Rachel Baldes's avatar

Never thought I'd be wishing I lived in the good old days of Nixon's administration.

Rachel Baldes's avatar

The capacity for publuc shame to force action is sorely lacking these days. It feels often like the only people who feel it are the ones who truly shouldn't have any.

Julie Anne's avatar

Yes. Most of those in control of govt and big business seemingly have no social conscience at all. Also it seems pressure groups active in the past on human rights, environment, economic distribution etc are being silenced more in the MSM. So we're losing our connection to each other.

samoan62's avatar

The whole Trump China trip reeks of "this could have been an email" lol

US ruled by biggest criminals's avatar

America is being ruled by the biggest criminals: the Luciferians Vatican. they control politicians and the rich and famous using secret cults the Freemasons and Jesuits. they are the biggest deceivers and are oppressing humanity with their printed monopoly debt money.
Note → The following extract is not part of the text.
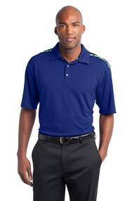 Get noticed. Bold heat transfer graphics on the shoulders and Dri-FIT moisture management technology make this polo a sporty high performer. Design details include a self-fabric collar three-button placket open hem sleeves and side vents. The contrast heat transfer Swoosh design trademark is on the center back. Made of 5.4-ounce 100% polyester Dri-FIT fabric.

Americans need to arrest them, redistribute their ill gotten wealth, then nationalize the Federal Reserve central bank now!

Andy Collen's avatar

Look at these pristine, empty suits occupying the top-floor mahogany cages today, a pack of hyper-credentialed parasites who wouldn’t know the smell of a mailroom if you rubbed their noses in it.

We are living through the final, decadent collapse of the great American corporate empire, where businesses built on generations of blood, sweat, and genuine mad-genius and innovation have been handed over to an entitled aristocracy of fail-upward sons, daughters, and network-bred tech-bro grifters.

They don’t understand the "brand" because they didn't build it, they inherited it like an unearned trust fund, and now they are driving these multi-generational behemoths straight into the ditch, completely oblivious to the fact that the wheels have already come off and the engine is on fire.